Sauf que les relations avec la Russie étant ce qu’elles sont, les États-Unis ne veulent évidemment pas dépendre du bon vouloir des Russes. Bien qu’aujourd’hui la Nasa et Roscosmos travaillent en bonne intelligence pour utiliser et exploiter le complexe orbital, et bien que les Russes aient garanti la fourniture de ces trois Progress, la Nasa souhaite disposer d’une solution de secours en raison de plusieurs incertitudes. Et comme le souligne Kathy Lueders, chef des vols spatiaux habités de la Nasa, « nous sommes toujours à la recherche de solution de secours dans tout ce que nous faisons ».
Incertitudes sur la fiabilité des Progress et les relations futures avec la Russie
Concrètement, la Nasa souhaite disposer de son propre remorqueur spatial dans le cas où des problèmes techniques ou de fiabilité majeurs viendraient affecter les cargos Progress comme cela s’est récemment produit. Souvenez-vous, en février Roscosmos a été contrainte d’envoyer en urgence un véhicule Soyouz à vide pour remplacer le Soyouz MS-22, amarré à l’ISS mais victime d’une avarie le rendant inutilisable pour transporter un équipage en sécurité.
Quant aux cargos Progress, plusieurs d’entre eux ont connu des fuites et autres problèmes techniques. Toutefois, comme ils ne transportent que du fret et ne sont pas récupérés comme les capsules Dragon de SpaceX, on en parle beaucoup moins. Certes, dans le scénario de la Nasa, un cargo Cygnus est prévu en secours mais seulement pour se prémunir d’une panne ou d’un problème technique d’un des trois cargos russes.
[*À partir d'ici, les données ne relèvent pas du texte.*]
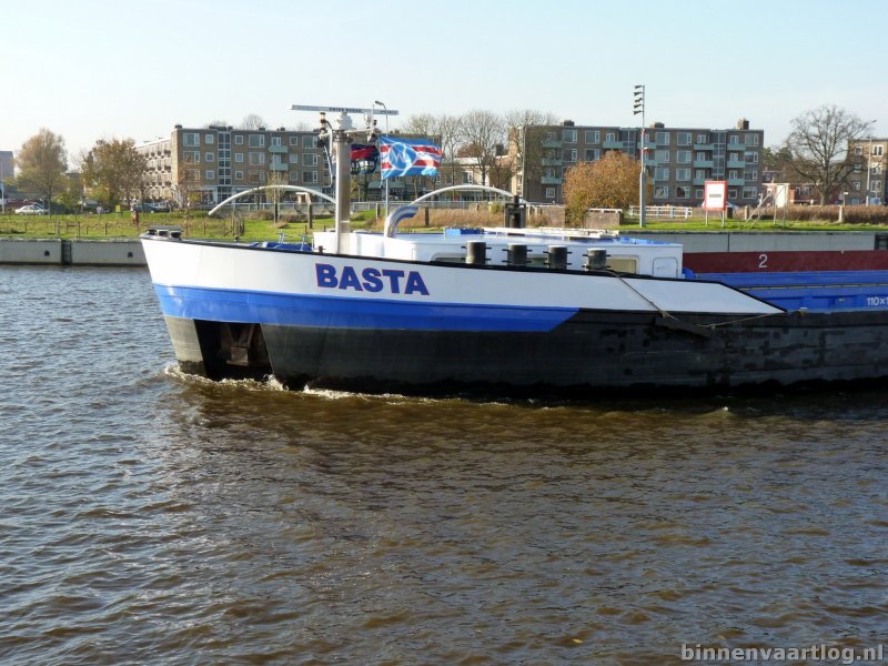 Basta , 109,97 x 11,45 x 3,63 , 3246 ton , Bouwjaar 2006 , Werf Yizheng Shipping Fixing in Yizheng ( China ) en Instalho in Werkendam ( Nederkand ) , 1521 pk Caterpillar en 530 pk DAF – van Wijk boegschroef , ex Sayonara , eigenaar Vof. Penta (J. Zantvoord) in Delfzijl , ENI 02327459
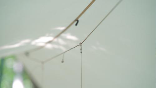 テントやタープの内側に吊り下げることはもちろん、室内ではカーテンレールなどの吊り下げて使うことも可能。シンプルなデザインはインドアにも馴染むこと間違いなし。
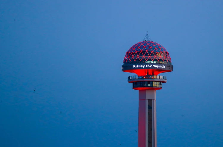 Başkent Ankara’nın simge yapılarından Atakule’de ise hem özel aydınlatma yapıldı hem de Kızılay’ın kuruluş yıldönümüne yönelik hazırlanan görseller kule ekranlarında paylaşıldı.

Enfin, tout comme l’invasion en cours de l’Ukraine par la Russie a rompu de nombreux partenariats spatiaux avec la Russie, la Nasa doit tenir compte que les relations russo-américaines pourraient se dégrader fortement selon la tournure des événements en Ukraine ou ailleurs. En outre, la Russie a exprimé le souhait de quitter le programme ISS plus tôt, après 2024, sans donner plus de précision sur sa date effective de départ, pour se concentrer sur la construction de sa propre station spatiale.
L’ensemble de ces données a probablement été un facteur de décision fort dans les plans de la Nasa pour souhaiter développer un remorqueur spatial qui pourrait servir pour désorbiter la Station spatiale lorsqu’elle arrivera à la fin de sa vie opérationnelle. Lors de la présentation du budget 2024 de la Nasa, qui doit être approuvé par le Congrès pour être adopté, on a appris que la Maison Blanche proposerait un financement de 180 millions de dollars pour amorcer un programme de remorqueur spatial et lancer un appel d’offres auprès des industriels américains.
Le coût total du programme est estimé à moins d’un milliard de dollars. Une dépense que la Nasa se serait bien passée et qu’elle aurait sans aucun doute préféré affecter à d’autres programmes.